Жереми щелкнул пальцами.
Сцена мгновенно погрузилась во мрак. Тускло светили лишь аварийные лампочки-«сторожа».
– Ну, Клеман, давай! – выдохнул Жереми. Клеман бесшумно прокрался к двери.
У Жюли глаза почти светились в темноте, как у хищницы. На что теперь похоже это воспоминание детства? Каким он стал, Барнабе из пансиона, первый любовник из пещер Веркора, соперничавший с саламандрами в своей прозрачной бледности, противник века кино? Естественно, не Жюли задавалась этими вопросами, а я. Все, что мне было известно о Барнабе, это то, что он опередил меня на пятнадцать лет.

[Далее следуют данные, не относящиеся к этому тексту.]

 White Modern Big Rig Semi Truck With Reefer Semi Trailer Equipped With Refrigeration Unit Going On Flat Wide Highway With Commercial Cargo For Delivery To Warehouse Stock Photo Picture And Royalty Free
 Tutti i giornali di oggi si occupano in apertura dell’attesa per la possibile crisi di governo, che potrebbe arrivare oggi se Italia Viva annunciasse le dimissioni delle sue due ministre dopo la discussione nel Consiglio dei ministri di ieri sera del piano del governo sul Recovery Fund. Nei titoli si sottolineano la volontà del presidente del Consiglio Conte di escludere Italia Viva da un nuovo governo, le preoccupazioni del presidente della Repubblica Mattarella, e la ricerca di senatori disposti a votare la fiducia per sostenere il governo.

Клеман уже был у двери. Он оглянулся на Жереми, стоявшего с поднятой рукой на авансцене.
Жереми дал отмашку.
«Сторожа» померкли, а лучи двух прожекторов скрестились на двери в тот момент, когда Клеман открыл ее, отпрянув к стене. («Мы заставим тебя появиться, очковтиратель», – решил Жереми.)

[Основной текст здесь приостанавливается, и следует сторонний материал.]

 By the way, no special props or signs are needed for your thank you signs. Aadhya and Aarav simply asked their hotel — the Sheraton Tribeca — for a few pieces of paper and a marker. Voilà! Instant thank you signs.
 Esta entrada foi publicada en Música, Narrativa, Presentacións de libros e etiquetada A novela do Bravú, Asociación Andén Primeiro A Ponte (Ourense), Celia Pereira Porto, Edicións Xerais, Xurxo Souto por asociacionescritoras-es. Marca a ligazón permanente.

Не тут-то было. За дверью появился силуэт человека, который одной рукой прикрыл глаза, а другой потянулся к сердцу.
Прогремели два выстрела.
Оба прожектора – вдребезги.
В ночи кинозала пролился дождь осколков.
Мгновением позже, когда Сюзанна вновь зажгла свет в зале и на сцене, на другом конце центрального прохода стоял высокий брюнет. В одной руке он держал ствол, направленный на нас. Другой – прижимал к себе Клемана, прикрываясь им, как щитом.
28
Силистри чувствовал, как сердце парня бьется под его ладонью. Он увидел сцену, кровать, кольцо бледных лиц вокруг кровати, испуганного мальчишку на авансцене, а на разобранной постели – Дездемону, метавшую на него взгляды Отелло, красавицу с огненной гривой, готовую вскочить сию же секунду. Малоссен был рядом с ней. Немного поодаль. Силистри сообразил: «Театр. Репетиция. Черт, я попал на одну из их репетиций». Потом подумал еще: «Бертольд и Рыбак правы, в конце концов, я кого-нибудь прикончу ненароком». Сердце паренька бешено колотилось, доставая уже до груди самого Силистри. Инспектор отпустил своего заложника и спрятал пушку в кобуру. Парень так и остался стоять перед ним.
– Порядок? – спросил Силистри.
Тот не ответил.
– Эй! Все в порядке?
Силистри слегка ударил его ладонью по щеке, приводя в чувство.
– Извините… эти прожекторы… они меня ослепили…
«Хорошее объяснение, нечего сказать, – в то же время думал он. – Если стрелять во все, что тебя ослепляет…»
– Инспектор Силистри… я из полиции… вам лучше?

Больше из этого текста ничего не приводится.